We demonstrate here that THz QCLs are an ideal platform to realize a semiconductor laser based on two-photon emission. We present a practical heterostructure design for a resonant two-photon THz QCL based on the GaAs/AlGaAs material system. In our proposed two-photon active region, two cascaded photon emissions occur through relaxation of each excited electron; at the same time electrons cascade through subsequent heterostructure periods in the same way as a conventional QCL. Using a Maxwell-Bloch formalism to describe the laser dynamics, we derive expressions for the steady-state light intensity, steady-state energy-resolved carrier densities, and total carrier density required to reach the lasing threshold. We calculate the steady-state and threshold quantities for the designed two-photon THz QCL (designated ‘2P-QCL’ hereafter) and compare this with a conventional one-photon THz QCL (‘1P-QCL’) when key parameter values vary. We find that not only does the 2P-QCL reach the lasing threshold with a lower carrier density than a comparative 1P-QCL, but also generates significantly more light intensity per heterostructure period with the same carrier density. Therefore, such 2P-QCL structures are expected to be characterised by broadband emission since they will support multiple modes simultaneously due to their ability to generate high gain, of fering the potential for devices with widely tunable emission, and high-temperature operation due to the two-photon emissions inherently being less affected by temperature rise. In this respect, our simulations indicate the potential of 2P-QCLs for the development of THz frequency comb sources offering greater dynamic range and higher spectral power densities.

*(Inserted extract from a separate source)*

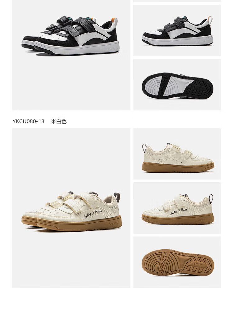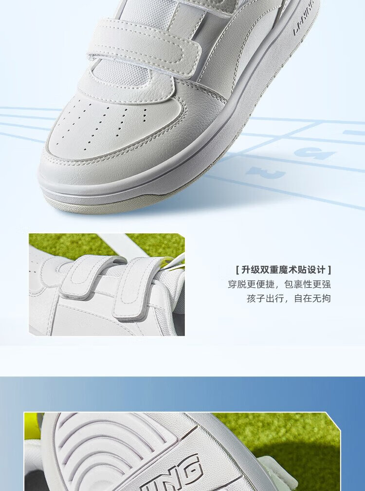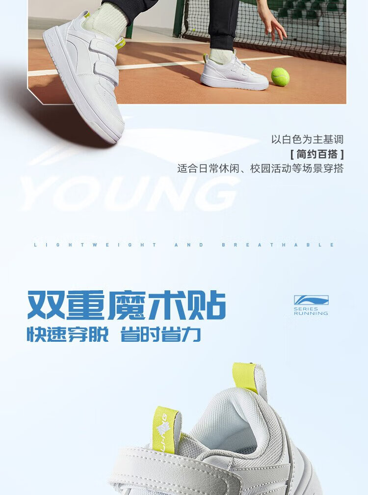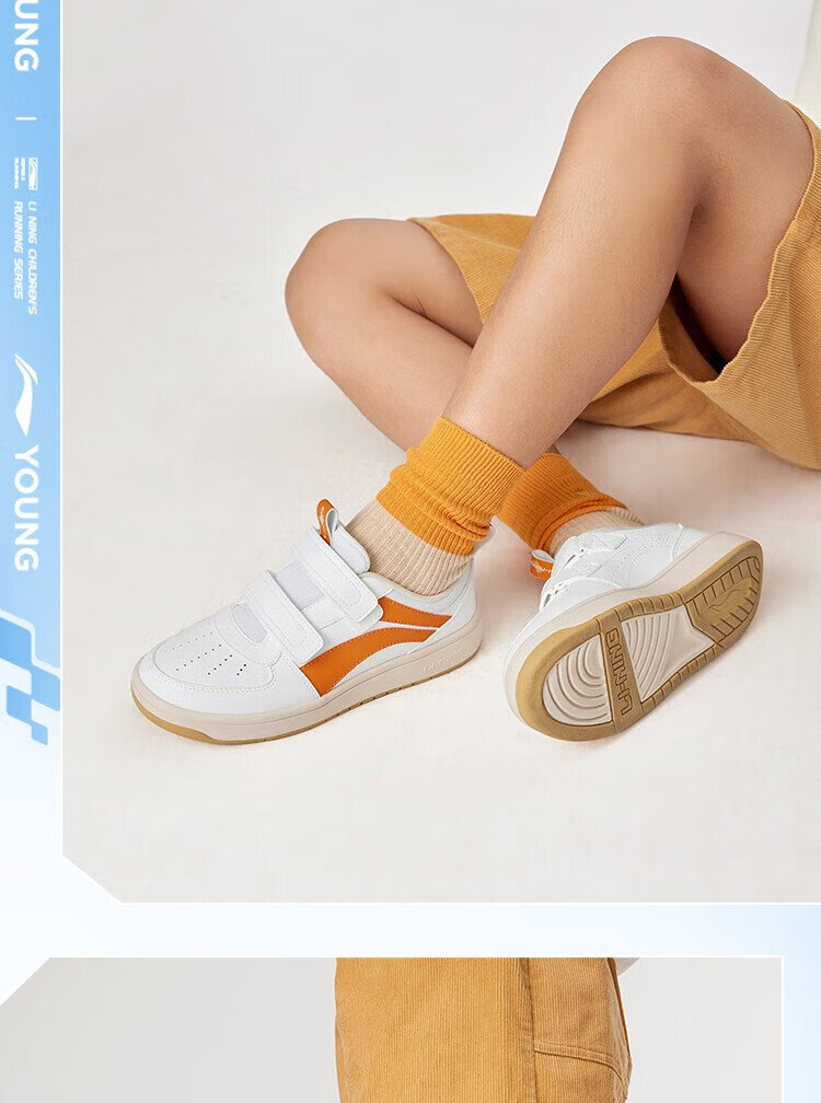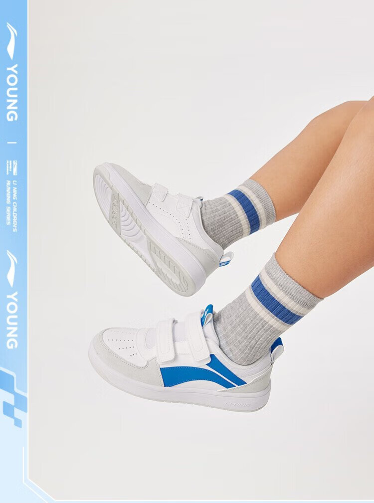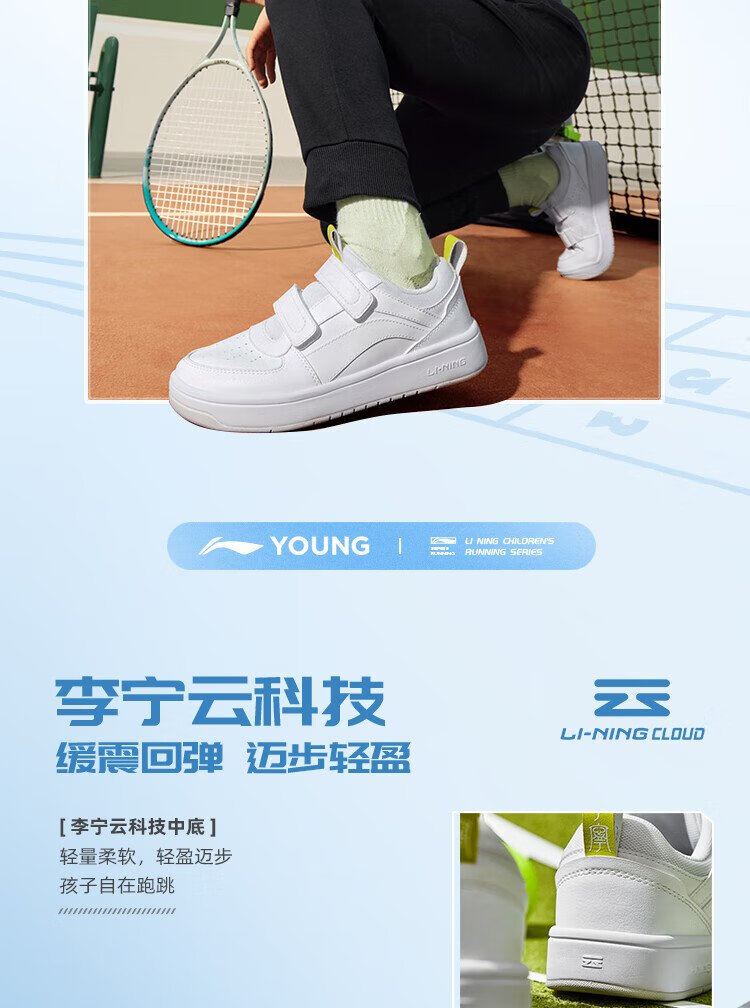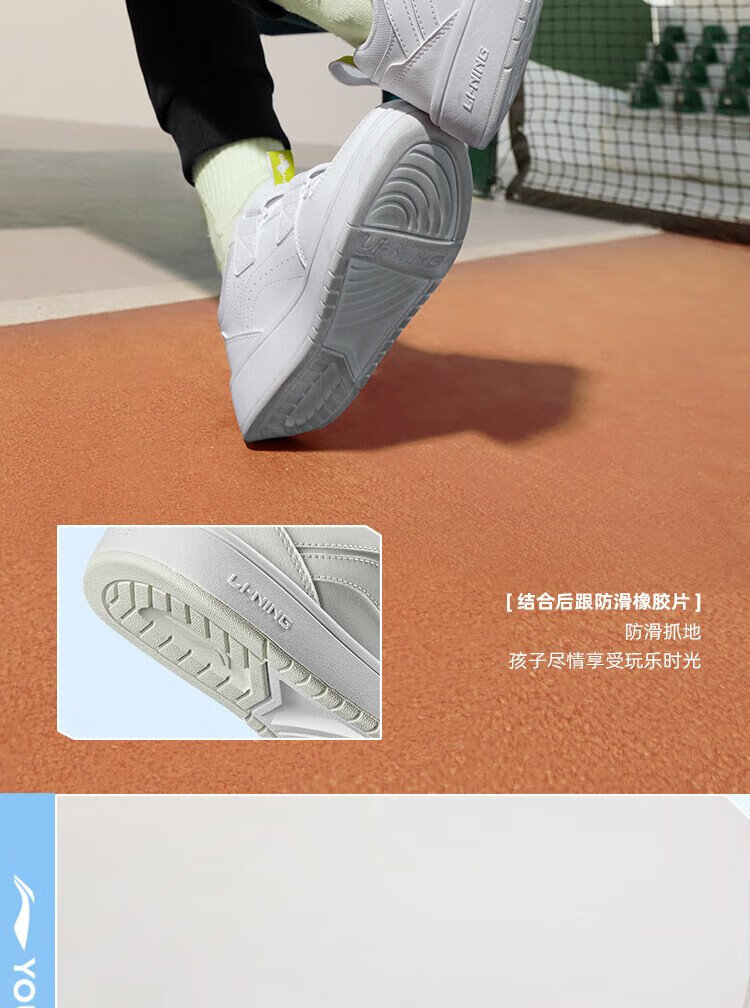 Li Ning children's shoes, children's sneakers, men's and women's white shoes, shock-absorbing casual sports shoes 35YKCU080-17

Additionally, such 2P-QCL structures are expected to generate entangled photon pairs when the two photon transitions are not resonant, the photon energies are separated by more than the linewidth of photon transitions, and the dephasing time of the excited states is greater than the time required for the cascaded two-photon transition [17,26]. Many more exciting applications are also envisaged owing to their ability to generate entangled photon pairs [11,12]. However, the present work focuses on generating two resonant photons, each separately following linear optics, as opposed to the two photons presented in Refs. [1 2,13,14] that depend on nonlinear optics. On the other hand, the two photon energies in this work must be within the linewidth of each other’s transition energies. Although the heterostructure layers can be grown with high accuracy with modern-day fabrication technologies, the resonance of the photon transitions needed to be maintained at the same bias could be challenging. Therefore, careful design-tuning and precise layer thicknesses will be required for the practical realization of the 2P-QCL.

2. Two-photon THz QCL structure

The conduction band energy diagram of one period of our designed 2P-QCL is shown in Fig. 1, in which the electronic states have been obtained by solving coupled Schrödinger-Poisson equations. The designed structure consists of two resonant gain stages, designated stages ‘a’ and ‘b’, cascaded in each active region unit; the upper energy level of stage ‘a’ acts as the lower energy level of stage ‘b’. Therefore, the middle level in the three-level system is shared by both photon emissions in the cascade. Gain stage ‘a’, between levels 1 and 2, has a transition frequency of $\sim$2 THz and a dipole matrix element of $\sim$7 nm. Level 2 has a calculated non-radiative lifetime ($\tau _2$) of $\sim$50 ps, whereas level 1 has a non-radiative lifetime ($\tau _1$) of $\sim$0.5 ps, considering optical phonon, electron-electron, alloy-disorder, impurity, and interface roughness scattering rates. Gain stage ‘b’ is between levels 2 and 3, and also has a transition frequency of $\sim$2 THz and a dipole moment of $\sim$7 nm. Level 3 also has a non-radiative lifetime ($\tau _3$) of $\sim$50 ps. We note that, crucial to a two-photon laser, levels 3 and 1 do not have a strong dipole moment between them owing to their identical parities. We also note that the lifetimes will depend on the operating temperature. In this work, we have assumed a temperature of 60 K. We also assumed a 0.162-nm mean roughness height and a 6-nm correlation length to calculate the scattering rate due to the interface roughness [27].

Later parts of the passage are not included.